Martin held up a hand to the side of his mouth. “Give me a call if you get sick of this one,” he said in a stage whisper to McKinley.

“I’ll do that,” McKinley returned.

Martin produced two headsets and wished them a happy flight.

McKinley’s nerves started vibrating the second her flip-flopped feet hit the tarmac. Colton, on the other hand, sauntered toward a small shiny single engine plane whistling as if he hadn’t a care in the world.

He must have sensed her hesitation because he paused and held out his hand. “I promise you’ll love it,” he told her.

And damn if she didn’t believe him. She approached the shiny aluminum beast the way she would a horse. Slowly and with great respect. McKinley watched Colton clamor around the long slim body checking the plane from propeller to tail and back again.
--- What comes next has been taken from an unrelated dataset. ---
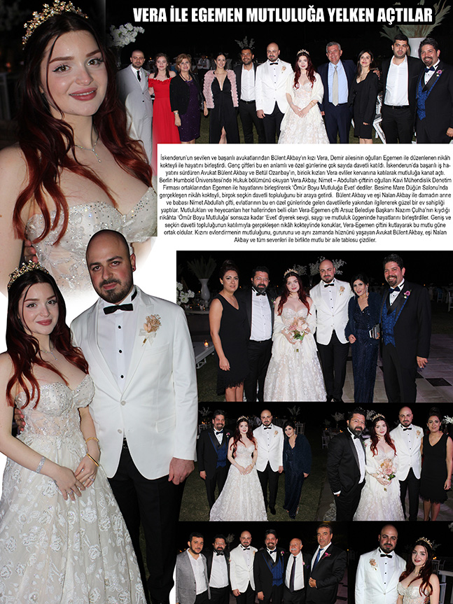 İskenderun’un sevilen ve başarılı avukatlarından Bülent Akbay’ın kızı Vera, Demir ailesinin oğulları Egemen ile düzenlenen nikâh kokteyli ile hayatını birleştirdi. Genç çiftleri bu en anlamlı ve özel günlerine çok sayıda davetli katıldı. İskenderun’da başarılı iş hayatını sürdüren Avukat Bülent Akbay ve Betül Ozanbay’ın, biricik kızları Vera evliler kervanına katılarak mutluluğa kanat açtı. Berlin Humbold Üniversitesi’nde Hukuk bölümünü okuyan Vera Akbay, Nimet – Abdullah çiftinin oğulları Kavi Mühendislik Denetim Firması ortaklarından Egemen ile hayatlarını birleştirerek ‘Ömür Boyu Mutluluğa Evet’ dediler. Besime Mare Düğün Salonu’nda gerçekleşen nikâh kokteyli, birçok seçkin davetli topluluğunu bir araya getirdi. Bülent Akbay ve eşi Nalan Akbay ile damadın anne ve babası Nimet Abdullah çifti, evlatlarının bu en özel günlerinde gelen davetlilerle yakından ilgilenerek güzel bir ev sahipliği yaptılar. Mutlulukları ve heyecanları her hallerinden belli olan Vera-Egemen çifti Arsuz Belediye Başkanı Nazım Çulha’nın kıydığı nikâhta ‘Ömür Boyu Mutluluğa’ sonsuza kadar ‘Evet’ diyerek sevgi, saygı ve mutluluk üçgeninde hayatlarını birleştirdiler. Geniş ve seçkin davetli topluluğunun katılımıyla gerçekleşen nikâh kokteylinde konuklar, Vera-Egemen çiftini kutlayarak bu mutlu güne ortak oldular. Kızını evlendirmenin mutluluğunu, gururunu ve aynı zamanda hüznünü yaşayan Avukat Bülent Akbay, eşi Nalan Akbay ve tüm sevenleri ile birlikte mutlu bir aile tablosu çizdiler.

“Preflight check,” he explained.

She nodded, gnawing on her lower lip. He could spend an extra hour checking if it meant she’d get to put two feet on solid ground again.

“All set,” he said, opening the passenger side door.

“Oh, god,” she whispered under her breath. McKinley had flown before. Once. When she was seven she and her parents had flown to Buffalo, New York, to visit her grandparents. But she’d never set foot in a plane so tiny. She peered into the cockpit. A wall of instruments that looked like she really shouldn’t touch them sat innocuously beneath the small windshield. There was a steering wheel—a yoke—in front of her seat. Probably in case Colton was knocked unconscious and she had to take over and crash land in the Gulf.

“Hop in,” Colton said. He held her hand while she scrambled into the seat. He popped her window open and then shut the door. The sweltering Florida heat had taken up residence inside the small plane and McKinley wondered nervously if she’d remembered to apply deodorant.

Colton opened the opposite door and climbed in. “I’ll get the air going,” he said, swiping his hat off his head and replacing it with the headset. He turned the key—planes had keys?—and the engine sputtered to life along with a blast of slightly cooler air.

He took the plug of her headset and inserted it into the auxiliary jack. McKinley hesitated briefly then put it on over her ears and adjusted the microphone.

“Couple more preflight things and we’ll be on our way,” Colt’s voice crackled in her ear. McKinley turned to look at him and felt her pulse kick up a notch. They sat shoulder to shoulder in the crammed cockpit and he was running through some mystery checklist.

He radioed the tower and must have understood the garbled reply because then they were suddenly moving, bouncing and rolling in a wide arc. The turquoise bay was straight ahead, the nice, safe building at their back. Colton turned them again in a tight 180 to line them up with one of what looked like hundreds of lines on the ground.

He leaned over her and pulled her window shut. Colton looked at McKinley and grinned. “Ready?”

No, she was not ready. She wanted her nice quiet apartment and her familiar job. She didn’t want to be flying hundreds of feet above where human beings were supposed to be. She didn’t want to date. She just wanted the comfort and safety of her normal.

Oh, shit. What if they crashed? Who would know to look in on Dunes?

But they were moving, lumbering and bumping forward, the whine of the engine loud even through the headset. Terrified, unprepared, McKinley reached out and gripped the muscle of Colton’s thigh.

She thought she heard an intake of breath through her headset, but it could have been the whooshing of her blood as it left her head. She was in a tiny metal bucket that was rapidly picking up speed with a man she hadn’t intended to date. This was the single dumbest thing she’d ever done in her entire life. This could be the world’s shortest first date.

And then the wheels stopped bumping, the ground dropped, and everything was smooth. “Holy shit,” she murmured.

Colton’s laugh echoed softly in her ears.

The ground was falling away beneath them as the nose of the plane tilted, driving them higher. They were being pushed and pulled and suspended and suddenly there was nothing but blue beneath them and above them.